■ **Problem to solve**
Below are entries; repeat exactly, and nothing else, the lines from the one holding "Klatka, Przytulone, Małe, Dwa, Tygryski" through the one holding "Chalcedony Cluster Necklace", inclusive. Leave the pictures out.

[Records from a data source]
▼▼▼

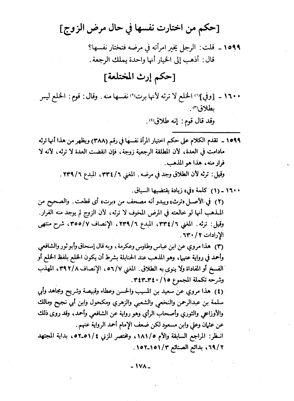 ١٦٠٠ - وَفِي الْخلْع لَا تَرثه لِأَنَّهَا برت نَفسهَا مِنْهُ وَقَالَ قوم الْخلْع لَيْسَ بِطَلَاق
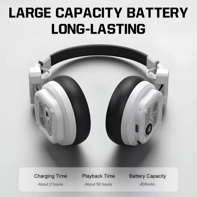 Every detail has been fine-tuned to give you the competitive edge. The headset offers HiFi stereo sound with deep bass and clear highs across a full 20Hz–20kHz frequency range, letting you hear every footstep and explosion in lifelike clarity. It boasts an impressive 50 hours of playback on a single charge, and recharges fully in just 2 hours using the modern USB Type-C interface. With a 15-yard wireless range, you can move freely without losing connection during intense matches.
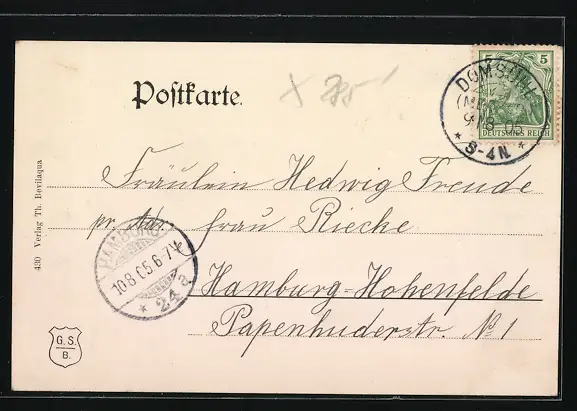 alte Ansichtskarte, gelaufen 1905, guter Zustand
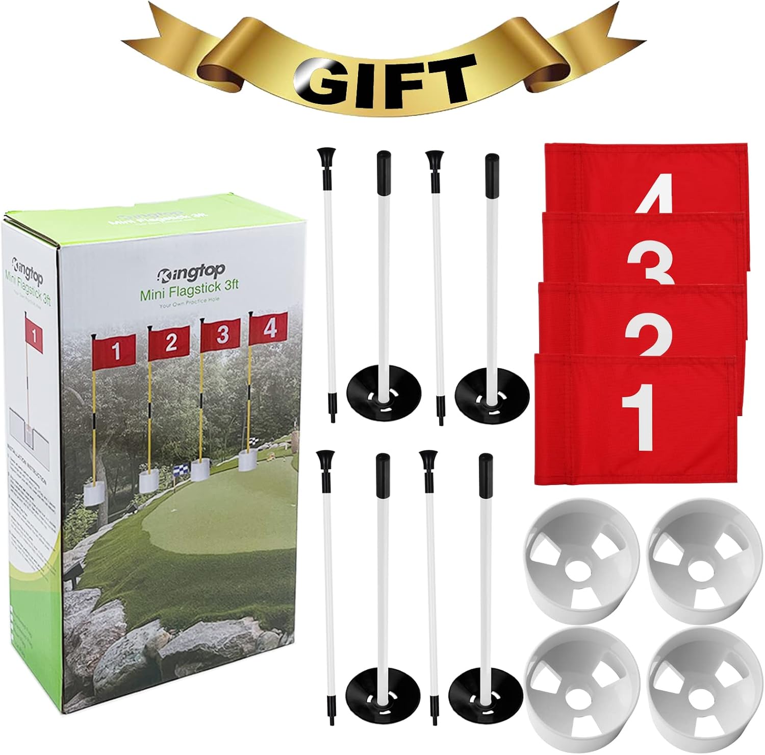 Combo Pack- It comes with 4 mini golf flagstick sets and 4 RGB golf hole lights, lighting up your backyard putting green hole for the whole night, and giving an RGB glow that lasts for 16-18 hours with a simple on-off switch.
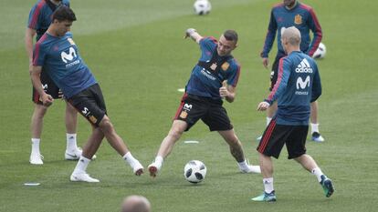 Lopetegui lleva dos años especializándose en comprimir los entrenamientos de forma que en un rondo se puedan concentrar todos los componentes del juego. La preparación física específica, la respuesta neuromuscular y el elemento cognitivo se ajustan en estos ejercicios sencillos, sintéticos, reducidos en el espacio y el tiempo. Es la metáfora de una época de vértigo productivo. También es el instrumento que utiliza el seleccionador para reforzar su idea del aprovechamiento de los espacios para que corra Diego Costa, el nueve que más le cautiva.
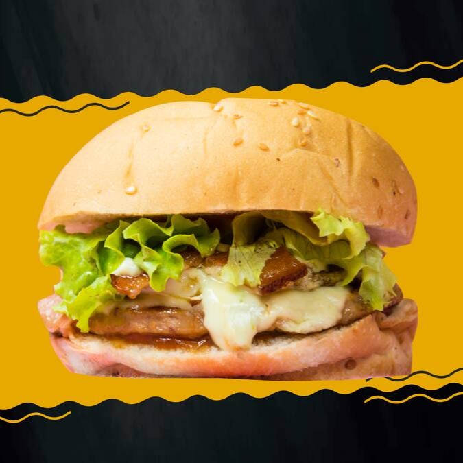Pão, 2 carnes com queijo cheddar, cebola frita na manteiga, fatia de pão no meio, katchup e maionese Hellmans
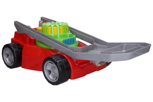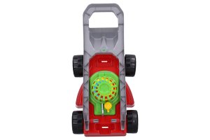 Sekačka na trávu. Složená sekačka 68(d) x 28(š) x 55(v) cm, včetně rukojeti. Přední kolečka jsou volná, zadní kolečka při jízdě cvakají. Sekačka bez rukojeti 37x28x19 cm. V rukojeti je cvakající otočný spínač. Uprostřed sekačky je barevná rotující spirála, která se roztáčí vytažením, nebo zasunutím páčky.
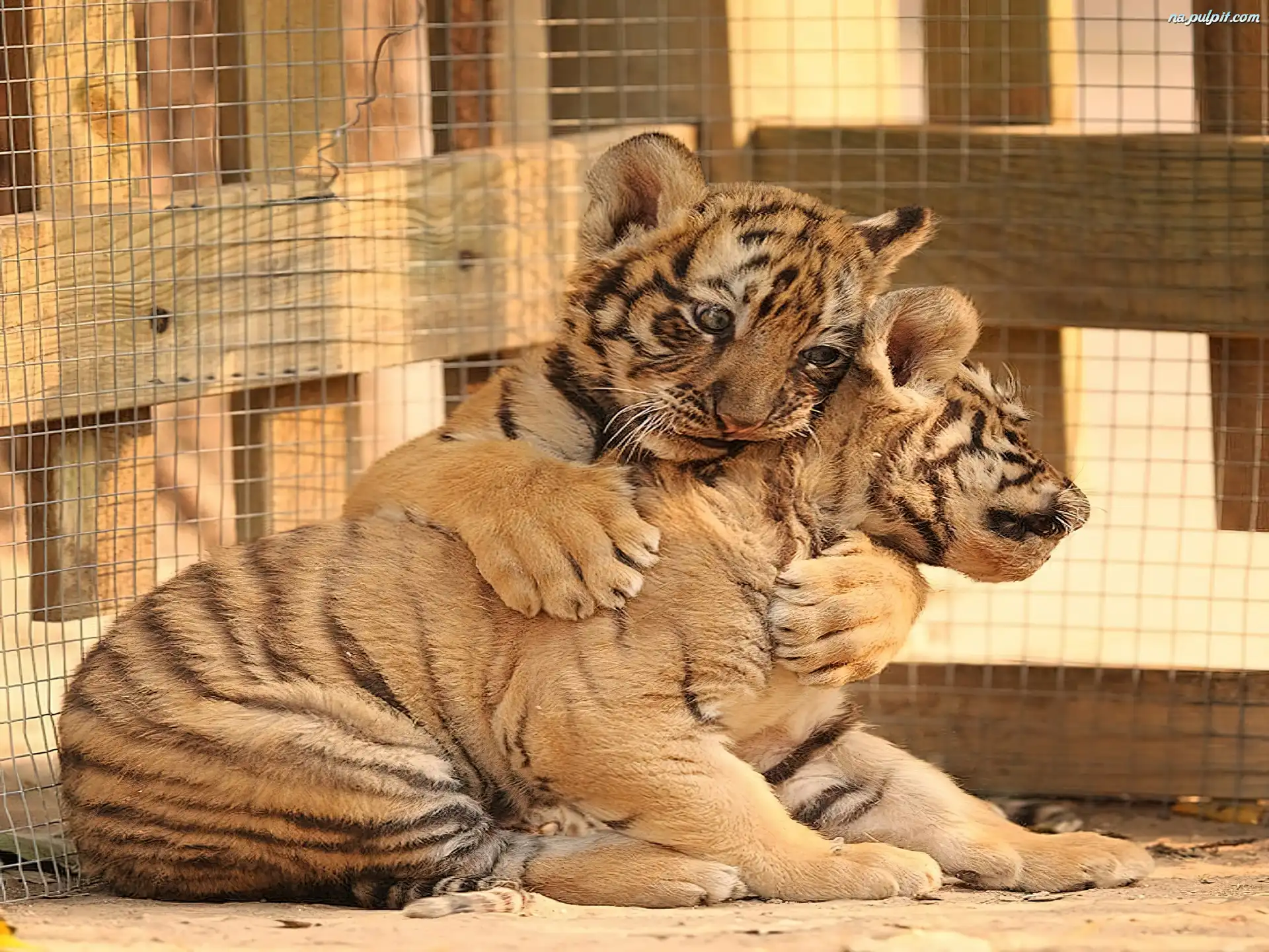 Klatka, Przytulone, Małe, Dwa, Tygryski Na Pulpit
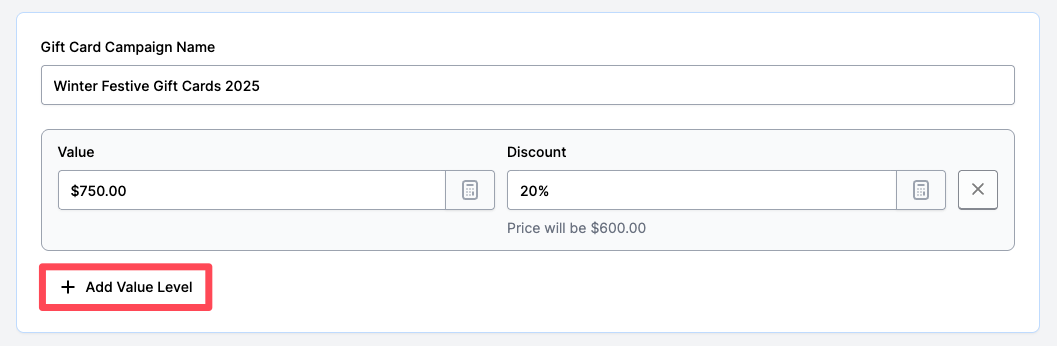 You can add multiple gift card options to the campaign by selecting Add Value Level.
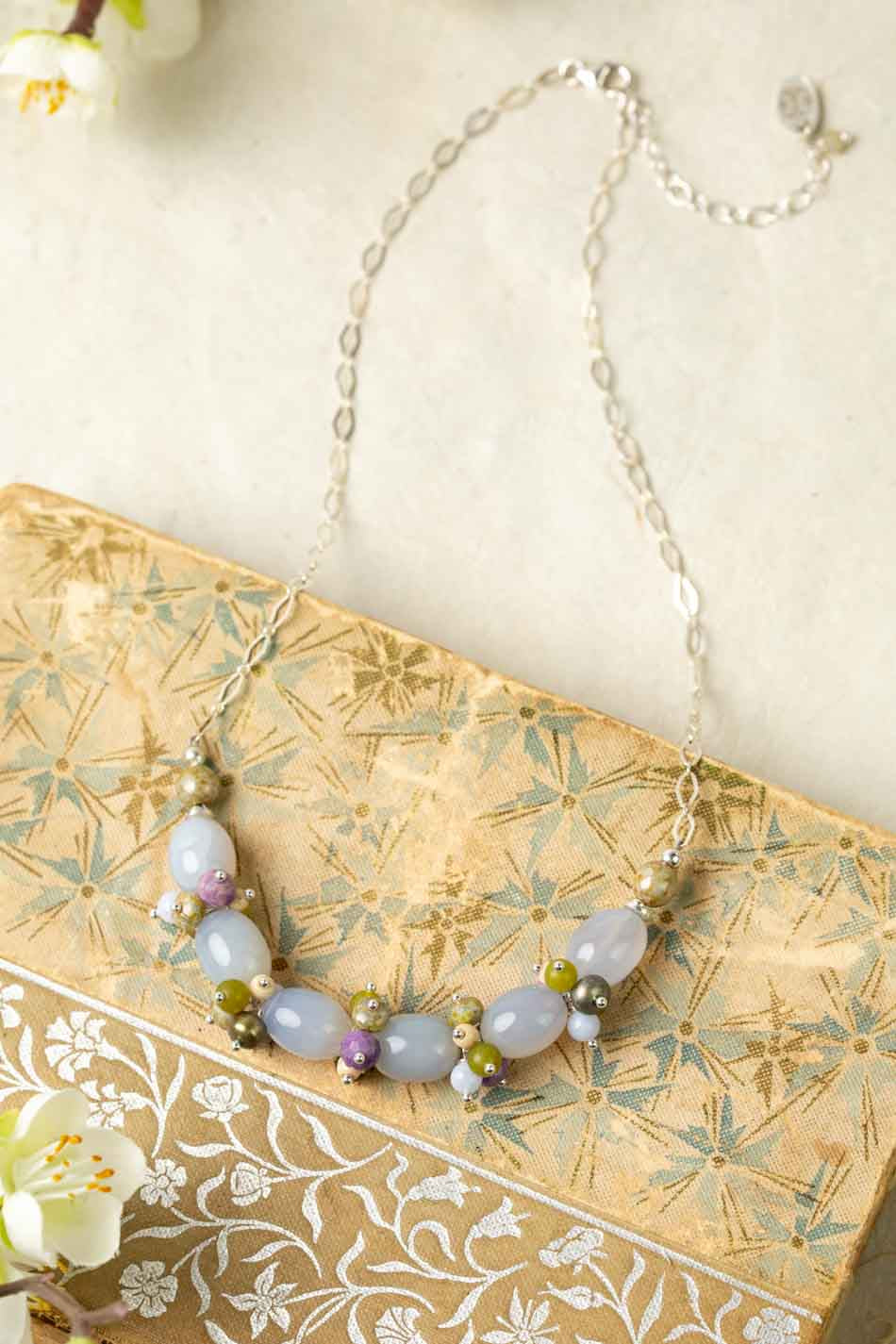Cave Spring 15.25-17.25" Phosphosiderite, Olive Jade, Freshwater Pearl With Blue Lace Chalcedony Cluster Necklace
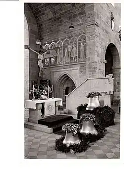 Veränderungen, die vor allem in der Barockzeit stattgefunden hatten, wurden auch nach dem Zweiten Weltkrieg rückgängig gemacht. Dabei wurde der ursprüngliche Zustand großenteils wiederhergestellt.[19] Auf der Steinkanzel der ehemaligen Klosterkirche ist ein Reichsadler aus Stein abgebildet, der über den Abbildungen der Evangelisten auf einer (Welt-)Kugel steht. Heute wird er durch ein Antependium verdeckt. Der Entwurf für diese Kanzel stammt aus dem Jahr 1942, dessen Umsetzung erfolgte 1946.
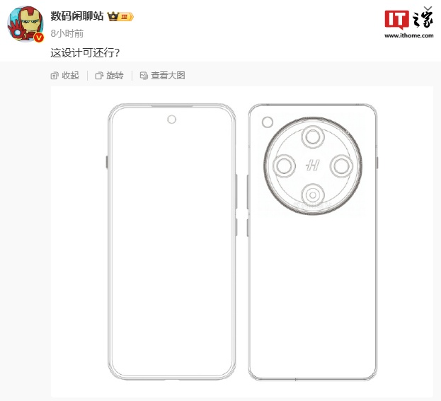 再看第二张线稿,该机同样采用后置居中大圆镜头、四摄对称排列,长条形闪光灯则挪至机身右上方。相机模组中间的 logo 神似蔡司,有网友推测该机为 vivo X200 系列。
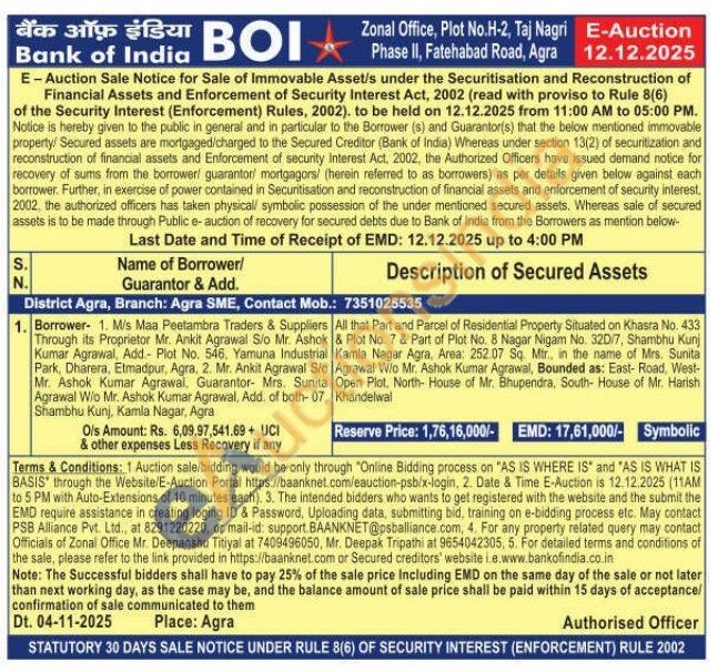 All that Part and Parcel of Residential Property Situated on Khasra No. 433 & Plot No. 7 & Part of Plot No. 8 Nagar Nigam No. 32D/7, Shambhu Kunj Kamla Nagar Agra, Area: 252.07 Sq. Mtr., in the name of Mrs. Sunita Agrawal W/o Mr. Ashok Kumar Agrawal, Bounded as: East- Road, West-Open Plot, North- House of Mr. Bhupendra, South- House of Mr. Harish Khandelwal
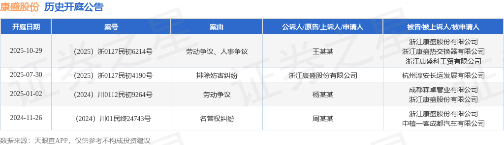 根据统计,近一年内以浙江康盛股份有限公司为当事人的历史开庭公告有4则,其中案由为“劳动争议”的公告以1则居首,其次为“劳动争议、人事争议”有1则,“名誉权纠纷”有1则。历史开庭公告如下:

▲▲▲

■ **Answer to the exercise**
 Klatka, Przytulone, Małe, Dwa, Tygryski Na Pulpit
 You can add multiple gift card options to the campaign by selecting Add Value Level.
Cave Spring 15.25-17.25" Phosphosiderite, Olive Jade, Freshwater Pearl With Blue Lace Chalcedony Cluster Necklace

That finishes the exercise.